Das ist eine der wichtigsten Forderungen der UN-Konvention für Deutschland: dass aus seinem extrem exklusiven Schulsystem mit vielen Spezial- und Sonderschulen ein inklusives wird. Ist das überhaupt machbar?

Es wird zum Schuljahresbeginn 2012 nicht über Nacht lauter inklusive Schulen geben. Das ist klar. Aber selbstverständlich ist Inklusion machbar. Viele Schulen haben sich schon auf den Weg gemacht, inzwischen kommt auch sukzessive politische Unterstützung aus den Bundesländern dazu. Insgesamt stehen wir sicher vor einem Prozess, der sich über einige Jahre hinziehen wird.

Was tun Sie dafür?

Wir unterstützen jene bahnbrechenden Schulmodelle, die es heute schon gibt. Und wir versuchen, sie dabei besser sichtbar zu machen - sodass andere Schulen lernen können, wie man inklusiven Unterricht für sehr heterogene Gruppen ermöglicht. Die Sophie-Scholl-Schulen in Bad Nauheim und in Gießen sind solche Schulen. Auch der Bundesverband evangelische Behindertenhilfe nimmt mit einem Verbund von fünf deutschen Schulen auf dem Weg zum gemeinsamen Lernen eine Vorreiterrolle ein. Es gibt noch viel mehr solcher Beispiele.

Was ist das Ziel?

Das ist sehr klar in der UN-Konvention beschrieben. Kinder mit sonderpädagogischem Förderbedarf müssen das wohnortnahe Angebot einer Schule bekommen, in der Inklusion Realität ist. Das bedeutet, niemand soll mehr gegen seinen Willen 30 oder 40 Kilometer fahren müssen, um eine geeignete Schule besuchen zu können.

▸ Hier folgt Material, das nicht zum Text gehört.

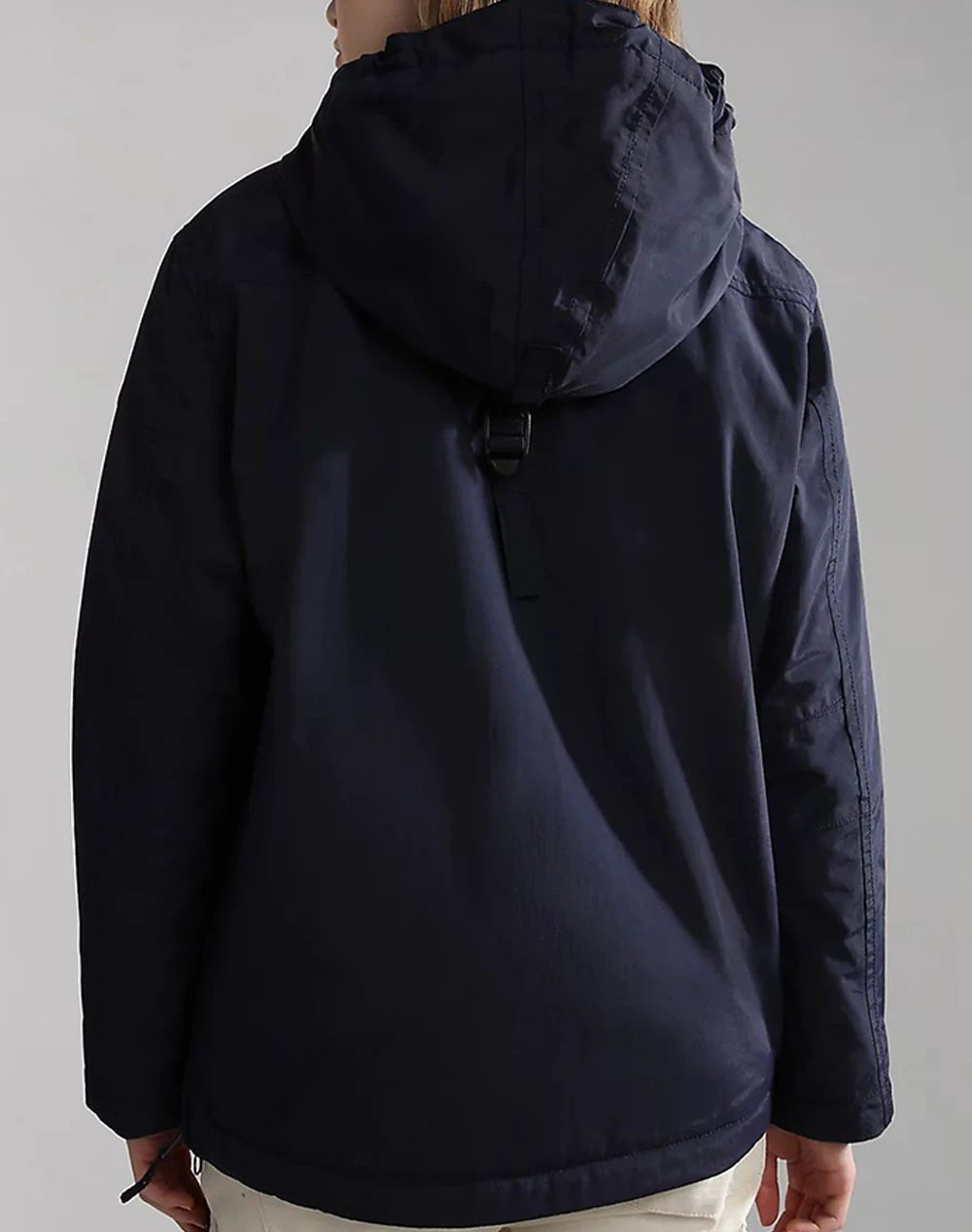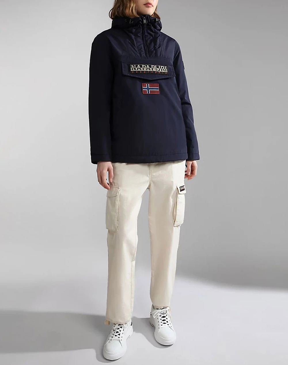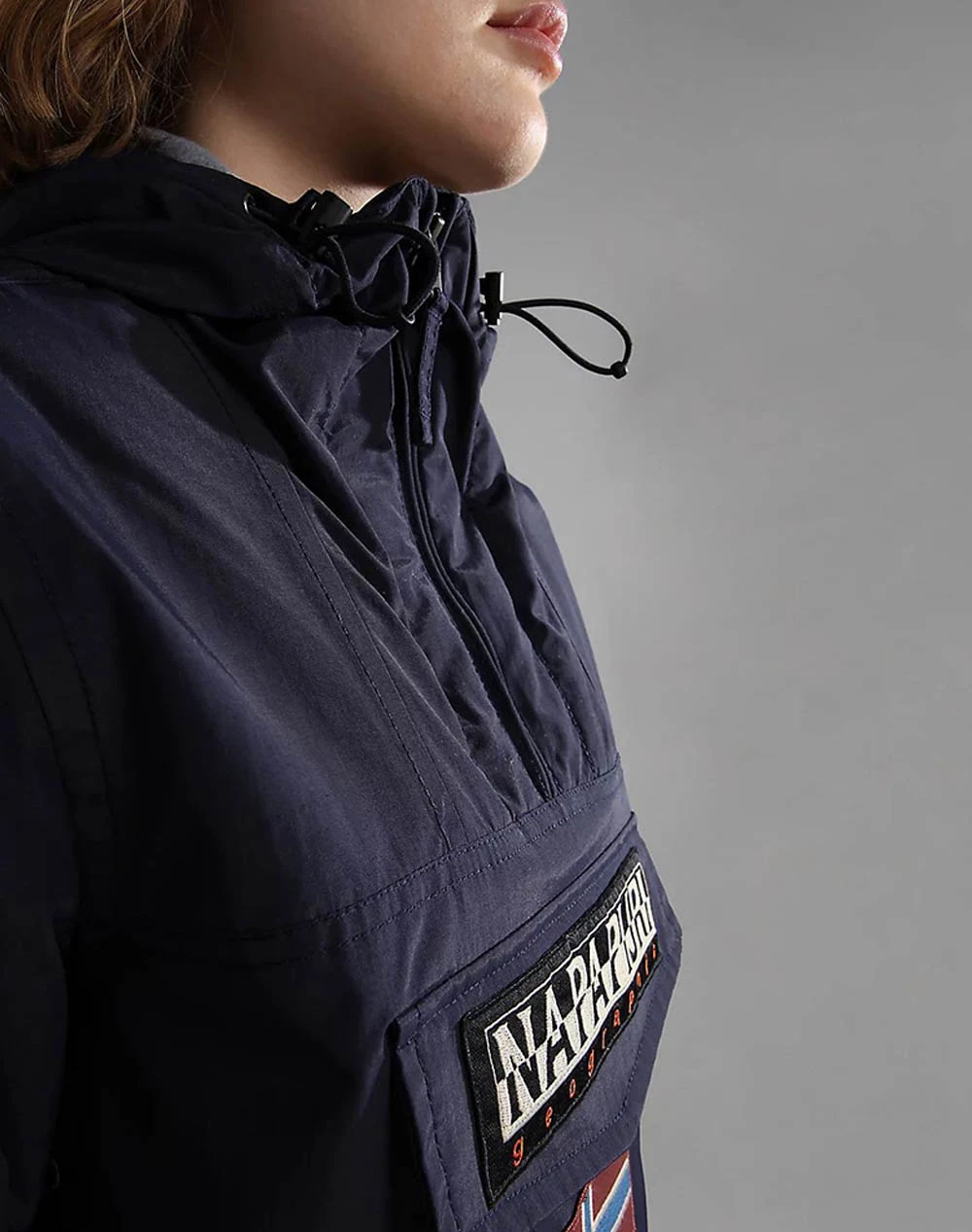Γυναικείο αντιανεμικό μπουφάν, με ρυθμιζόμενη κουκούλα, πλαϊνες και μπροστινή τσέπη με το λογότυπο, εσωτερική επένδυση και κλείσιμο με φερμουάρ στο πλάι. ( Σύνθεση: 100% Πολυαμίδιο. )
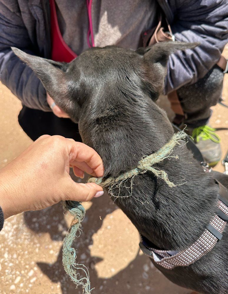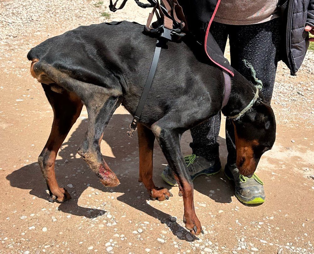 Doch jemand hat den Hund gesehen, als er auf der Straße umherirrte, und die Animaleas informiert. Die begeben sich nun auf die Suche nach dem Hund und sehen ihn schließlich. Doch sie kommen nicht an ihn heran. Sie schalten die spanische Tierschutzbehörde ein, die den Hund beschlagnahmt und in die Obhut der Animaleas übergibt. Erst jetzt sehen sie, was mit seinen Hinterbeinen nicht stimmt: Eins ist fast bis auf den Knochen aufgescheuert und entzündet, sodass sich bereits Maden in der Wunde tummeln.
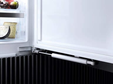 Køle- og fryseskabsdøre, der lukker stille og af sig selv: med SoftClose, det innovative lukkesystem fra Miele. Døren lukkes automatisk, når den står i en vinkel på over 30°. Hertil dæmper SoftClose døren ved lukning - aldrig mere klirrende flasker i døren.
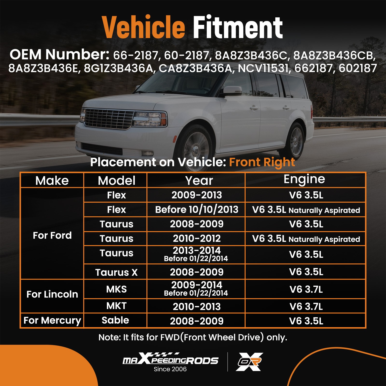 For Ford Flex V6 3.5L Front Right FWD, Naturally Aspirated, Before 10/10/2013 2014

Oft ist es aber genau andersherum: Da werden etwa in Augsburg zwei gehörlose Mädchen, obwohl die Regelschulen vor der Tür sie aufnehmen wollen, als behindert diagnostiziert und sollen nun weit weg zu einer Sonderschule fahren.

Es ist vollkommen inakzeptabel, was viele Eltern und Kinder zum Teil noch erdulden müssen. Ich kann deren Verärgerung und Wut vollkommen verstehen. Kinder werden von ihren langjährigen Spielkameraden getrennt, nur weil die Schulbehörden nicht verstanden haben, dass es ein Recht auf gemeinsamen inklusiven Unterricht gibt.

Was können Sie in solchen Fällen tun?

Wir haben ein offenes Ohr für Betroffene. Wir machen auch solche Fälle öffentlich.

Die Kultusminister haben nun ihrerseits so etwas wie einen Aktionsplan …

… dieses Wort sollte man an dieser Stelle so bitte nicht verwenden. Wir haben erwartet, dass die Schulminister wirklich Termine und Fristen nennen, bis wann sie Inklusion verwirklichen wollen. Das ist nicht der Fall. Wir brauchen aber diesen klaren Plan mit konkreten Umsetzungsvorschlägen. Die Kinder und ihre Eltern haben ein Recht darauf.

 

Das Interview ist dem Blog http://incalledabei.wordpress.com entnommen, der die Trebnitzer Inklusionswerkstätten für Schule und Zivilgesellschaft vorbereitet

 

Martin Georgi

ist Vorstand für Marketing bei der Aktion Mensch. Georgi kam von der Blindenmission Christoffel. Er war zuvor Geschäftsführer von Amnesty International.